Stored data entries:
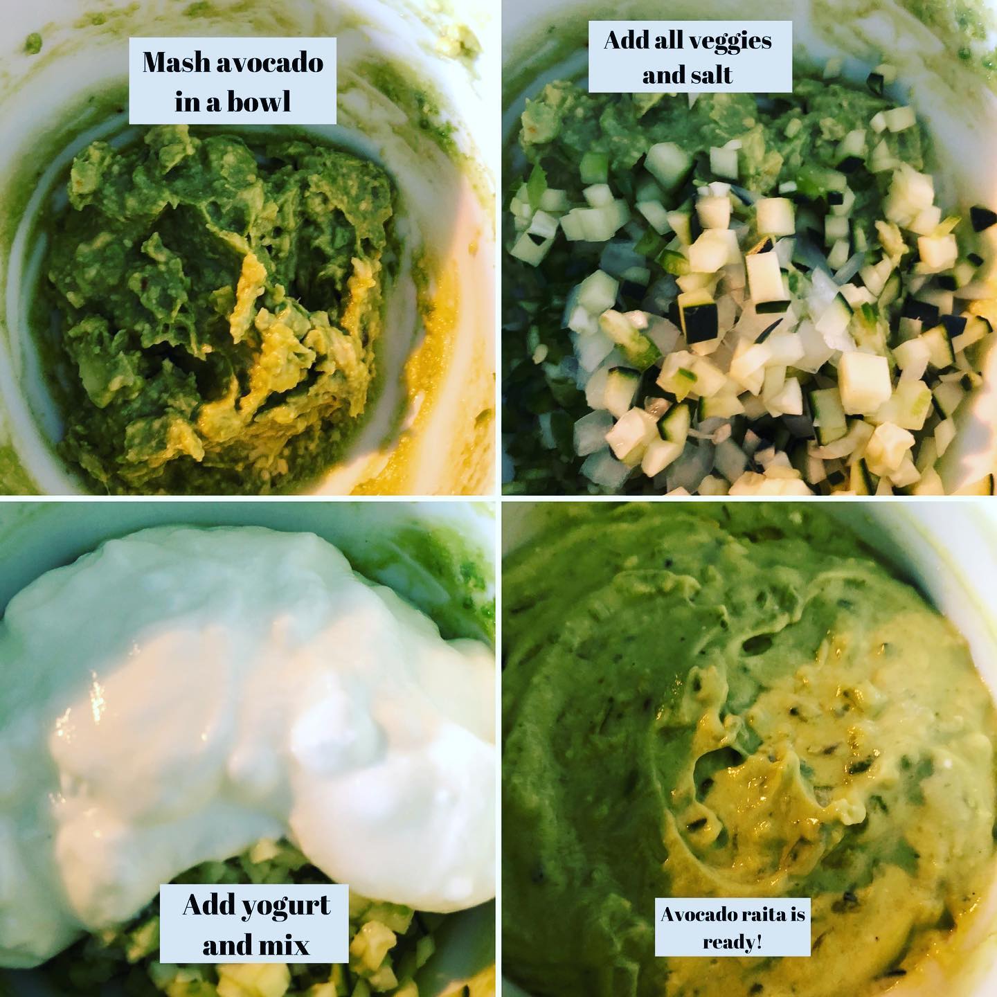 Avocado Raita!! You heard it right! I made this raita using avocado! Avocado is everybody’s favorite and we usually eat it with Mexican meals. Why not add it to our Indian menu aswell! A classic creamy Indian yogurt recipe which can be used as a refreshing dip or a side dish. Every house has their own raita recipe and it is made with a variety of vegetables and fruit combinations! From onions to tomatoes to cucumber or just plain raita with spices, the options are endless! I am pretty sure you might not have made raita using avocado! The creamy taste of avocado takes this raita to another level. I added finely chopped onions and cucumbers to give a nice texture to this creamy spiced yogurt!!
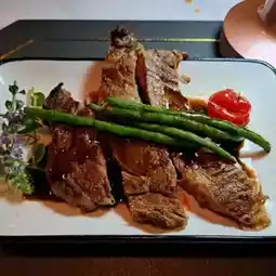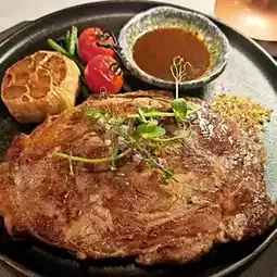 The restaurant offers one of four main dishes to choose from, we chose the grilled American ribeye steak with red wine sauce ($488), we chose five percent cooked🎊
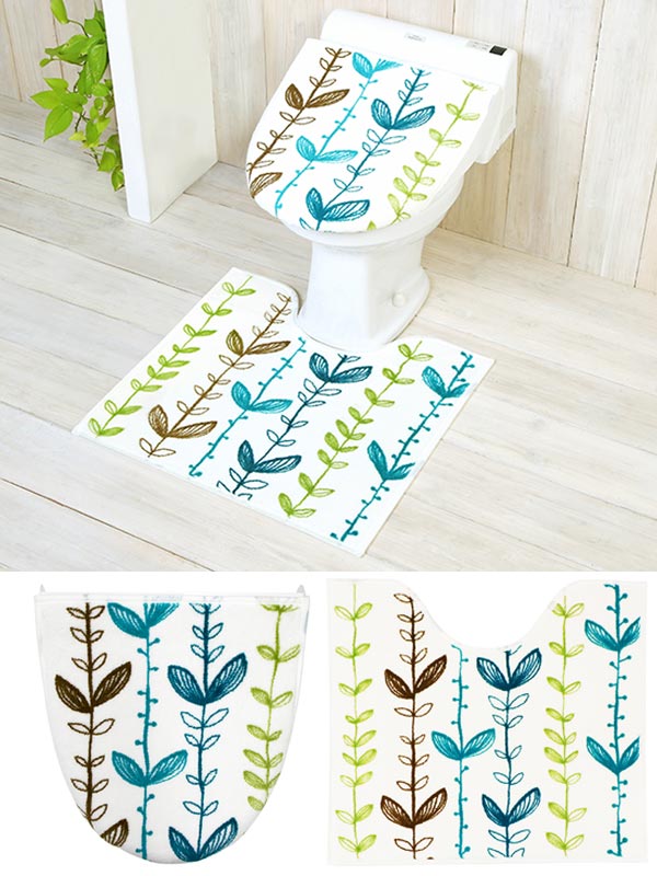 アイビー柄の優しいデザイン♪フタカバー&トイレマット
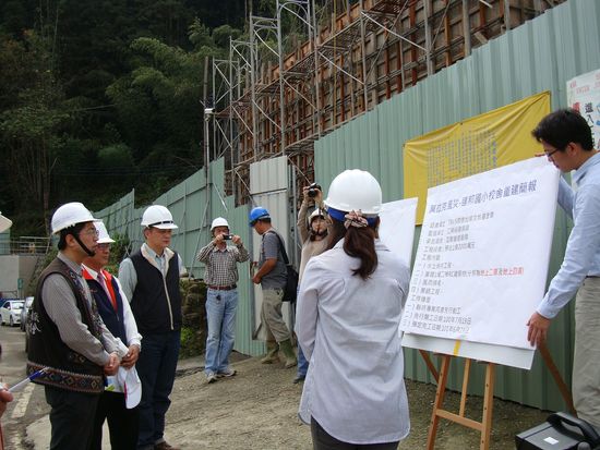 陳執行長為顧及偏遠山區達邦國小校園重建進度,由莊校長、陳家長會長、TVBS援建團隊等人員陪同訪視,除了解施工進度外,陳執行長對於校園設計已融入鄒族文化元素表示肯定,也請援建TVBS單位加強督導施工進度,讓學生在本(101)年8月31日開學時能在新的校區上課。
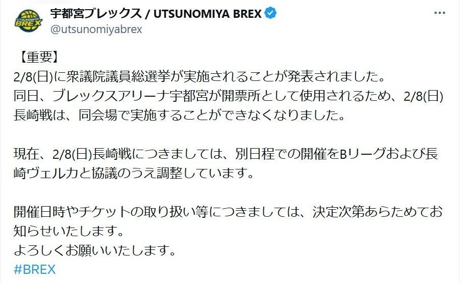 衆院選の開票作業に伴い、試合ができなくなったことを知らせる宇都宮ブレックスのXの投稿
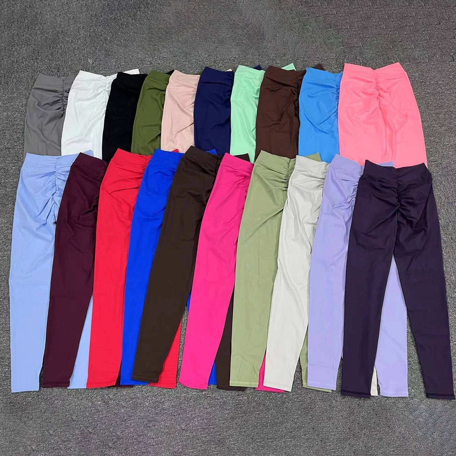 Best Quality Custom High Waist Peach Butt Tight Sports Pants Scrunch Butt High Elastic Solid Color V-Back Leggings for Women
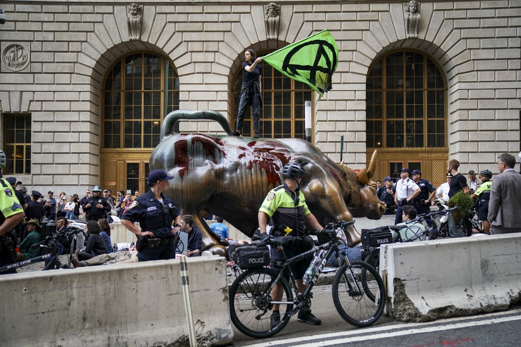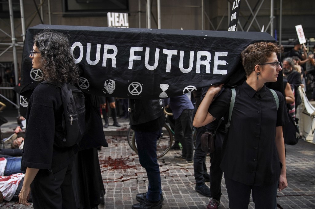 Environmental activists participate in a die-in during a rally for action against climate change in the Financial District October 7, 2019 in New York City. The group 'Extinction Rebellion' has organized protests and sit-ins around the globe today to push for action against climate change. Drew Angerer/Getty Images/AFP D
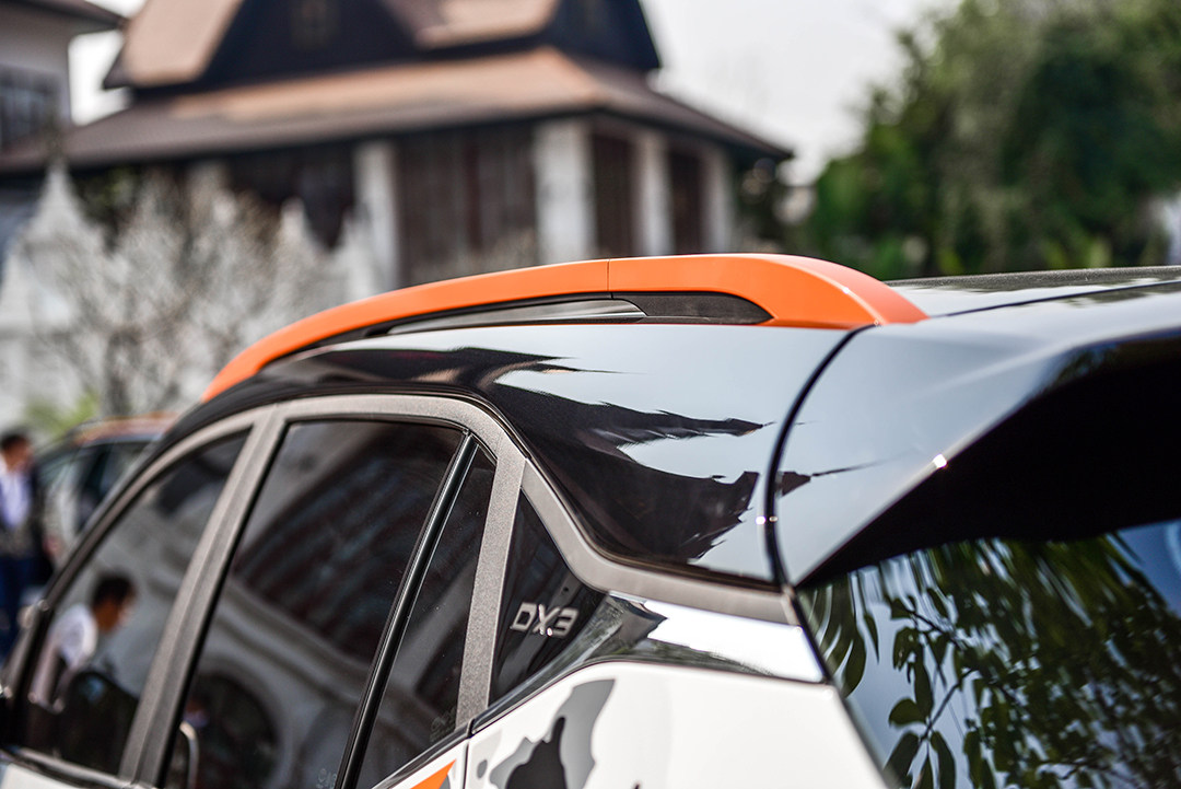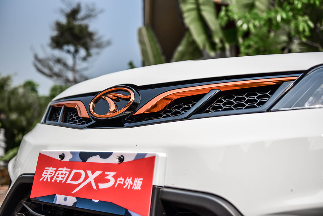 户外版就是在东南DX3的基础上,进行了外观和内饰上的修饰,同时提供户外运动升级包,就变成了户外版的车型。外观方面,改动的地方包括将进气格栅和车尾的电镀变成橙色的电镀部件,车身侧面和后视镜增加迷彩的贴花,悬浮式车顶改成全黑色设计,同时车顶行李架也改成橙色以贴合整个主题。

Exercise details: Although pictures appear among the entries, please set down only the lines from the one with "陳執行長為顧及偏遠山區達邦國" up to and including the one with "Best Quality Custom", word for word.

Exercise result:
 陳執行長為顧及偏遠山區達邦國小校園重建進度,由莊校長、陳家長會長、TVBS援建團隊等人員陪同訪視,除了解施工進度外,陳執行長對於校園設計已融入鄒族文化元素表示肯定,也請援建TVBS單位加強督導施工進度,讓學生在本(101)年8月31日開學時能在新的校區上課。
 衆院選の開票作業に伴い、試合ができなくなったことを知らせる宇都宮ブレックスのXの投稿
 Best Quality Custom High Waist Peach Butt Tight Sports Pants Scrunch Butt High Elastic Solid Color V-Back Leggings for Women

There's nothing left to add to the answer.